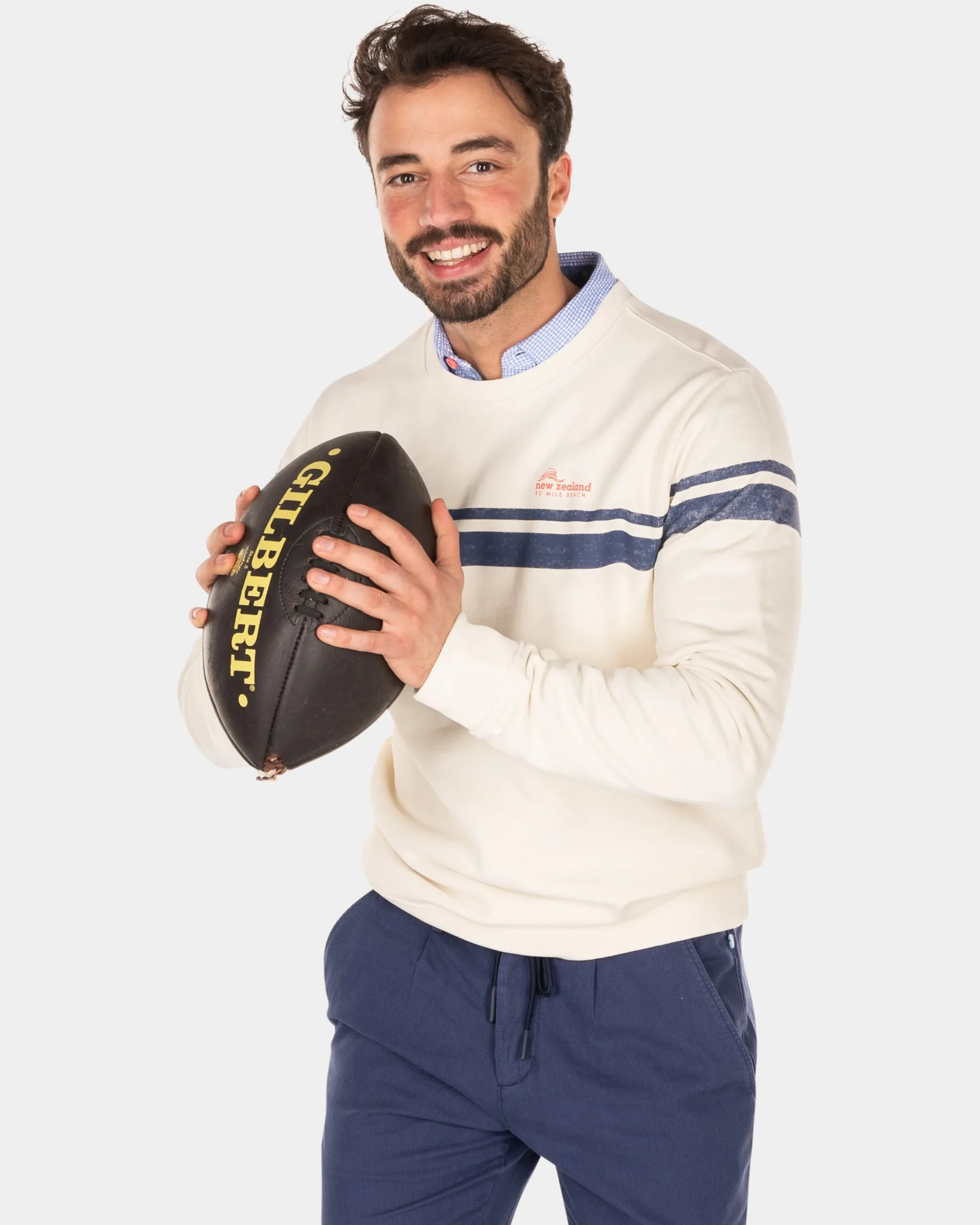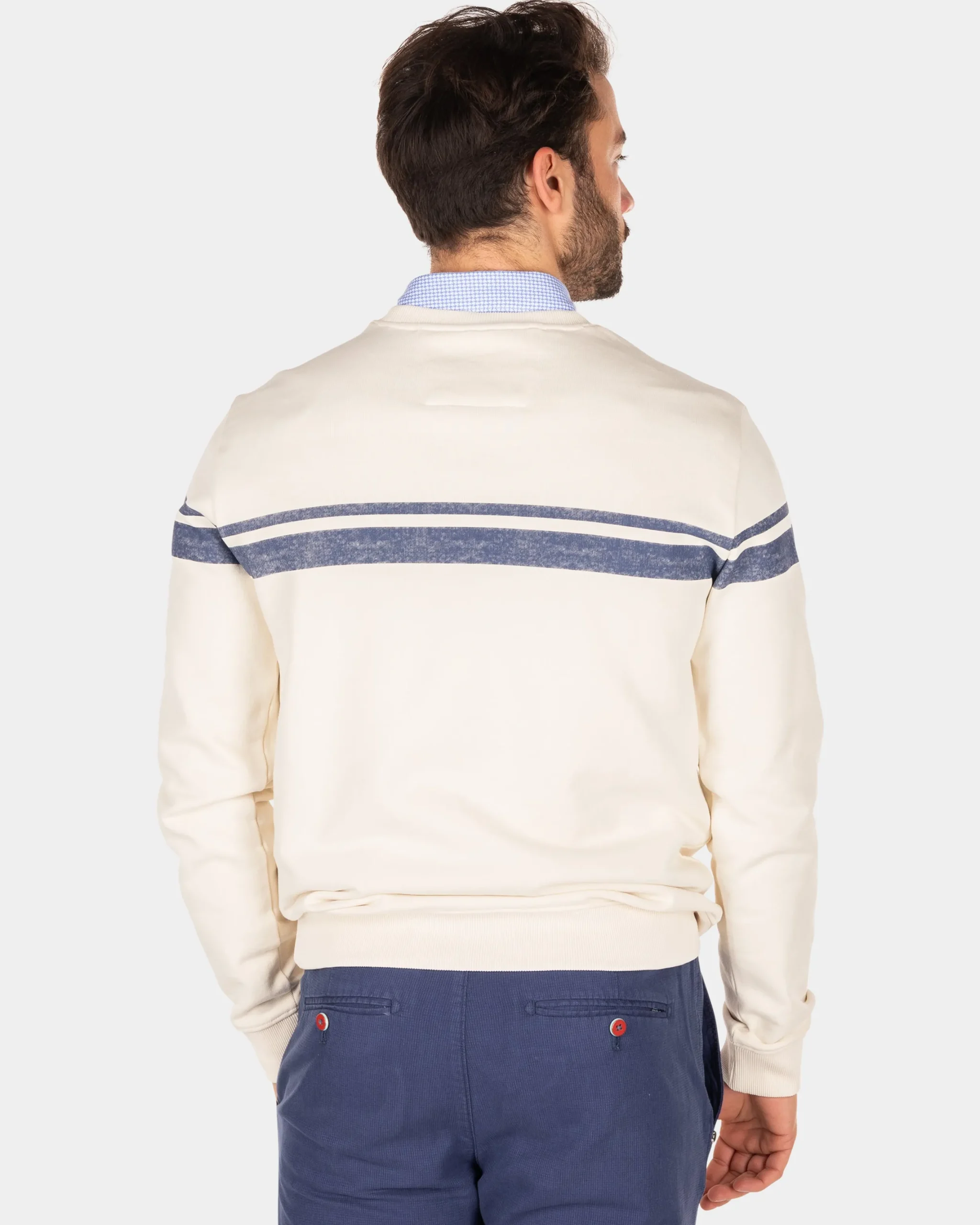 Witte sweater met blauwe streep – Cream
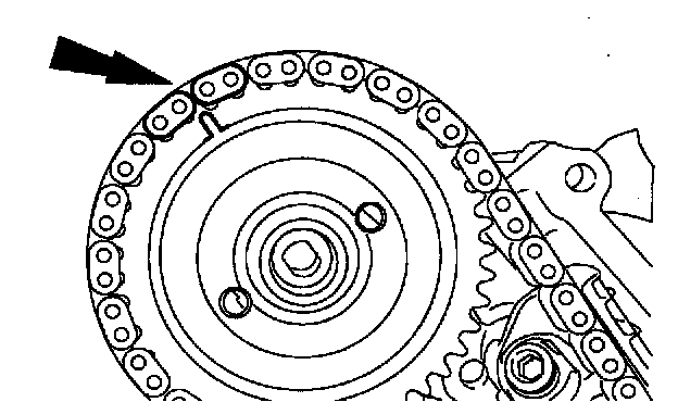 Position the timing chain on the camshaft sprocket with the camshaft sprocket timing mark positioned between the two copper (marked) chain links.
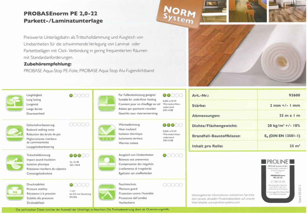 Ob aus Polyethylen oder aus Polystyrol, ob mit oder ohne Aqua-Stop-Dampfsperre, ob gefaltet oder auf der Rolle: Alle PROSAFE Unterlagsmatten eignen sich zum Ausgleich von Unebenheiten unter Parkett- und Laminatböden und glänzen mit hoher Trittschalldämmung und guter Gehschallverbesserung.
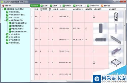 4、設(shè)置完成后保存,然后重新打開KYTool插件工具條的“BOM工具”按鈕,打開如下窗口,可以看到窗口中已經(jīng)讀取了當(dāng)前裝配體的所有的數(shù)據(jù),如鈑金展開尺寸,鈑金厚度,鈑金展開截圖,三維截圖,包絡(luò)尺寸,文件名稱,以及所有的屬性。
================
## WHAT THE EXERCISE ASKS:
Your copy should hold exactly and only the lines from the one containing "Ob aus Polyethylen" through the end of the material, inclusive, repeated word for word and without pictures.

## WRITTEN SOLUTION:
 Ob aus Polyethylen oder aus Polystyrol, ob mit oder ohne Aqua-Stop-Dampfsperre, ob gefaltet oder auf der Rolle: Alle PROSAFE Unterlagsmatten eignen sich zum Ausgleich von Unebenheiten unter Parkett- und Laminatböden und glänzen mit hoher Trittschalldämmung und guter Gehschallverbesserung.
 4、設(shè)置完成后保存,然后重新打開KYTool插件工具條的“BOM工具”按鈕,打開如下窗口,可以看到窗口中已經(jīng)讀取了當(dāng)前裝配體的所有的數(shù)據(jù),如鈑金展開尺寸,鈑金厚度,鈑金展開截圖,三維截圖,包絡(luò)尺寸,文件名稱,以及所有的屬性。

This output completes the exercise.